The massive project involves replacing every dorm room lock with 3,200 of the keyless keypad locks. It is being performed over the course of this summer by Hogan Security, an affiliated Salto dealer and external locksmith for the university.

The locks will not communicate with the Software House system to preserve the privacy of the students – ie., security and campus police will not monitor their comings and goings from individual dorm rooms. However, although they are offline, the locks can still be automatically locked down or unlocked according to a certain schedule or emergency situation. Additionally, the locks can wirelessly report back to the university settings such as battery status or deliver an audit trail of the lock’s recent usage.

Inside the dorms and other buildings, Princeton has also recently overhauled its fire alarms with a new system from SimplexGrinnell that enables common area voice alerts and other mass notification capabilities coupled with the Talk-a-Phone emergency communications towers.

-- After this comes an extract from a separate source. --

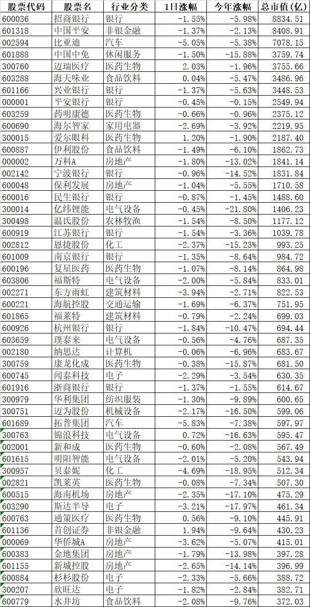 今天一跌,最难看应该是上证50,今年的涨幅缩小成0.04%了,估计下周开盘就破了。指数还算没捅破这层窗户纸,但个股今天有380只创了今年的新低,其中市值较大的有招商银行、中国平安、比亚迪、中国中免、迈瑞医疗、海天味业、兴业银行、平安银行、药明康德、海尔智家、爱尔眼科、伊利股份、万科A、宁波银行、保利发展、民生银行、亿纬锂能、温氏股份、江苏银行、恩捷股份、南京银行、复星医药、福斯特、东方雨虹等,下表是其中50家最大市值的公司:

Princeton’s Access Control Future
It will take a summer’s worth of effort to deploy the keyless locks in all the Princeton dormitories, along with the emergency communications towers. However, earlier this year Princeton implemented a pilot project targeting 90-plus students’ dorm room doors that got rave reveiws.

“All the feedback that we received has been positive,” Tuccillo says. “One of the biggest remarks is they are glad they don’t have to carry their key around. I think the students appreciate that they don’t have to spend the money for a lock change if they lose their key – it’s only a matter of reprogramming the card.”

Despite the fact that the locks have yet to be used by the majority of the student body, Midura can see a future where the locks can be found in on more doors. “The keyless locks can be implemented as a third layer of protection,” Midura says. “A lot of the rooms in academic and administrative buildings where we used to have keys — such as a lab, or IT rooms and mechanical rooms — are going to move to these keyless locks.”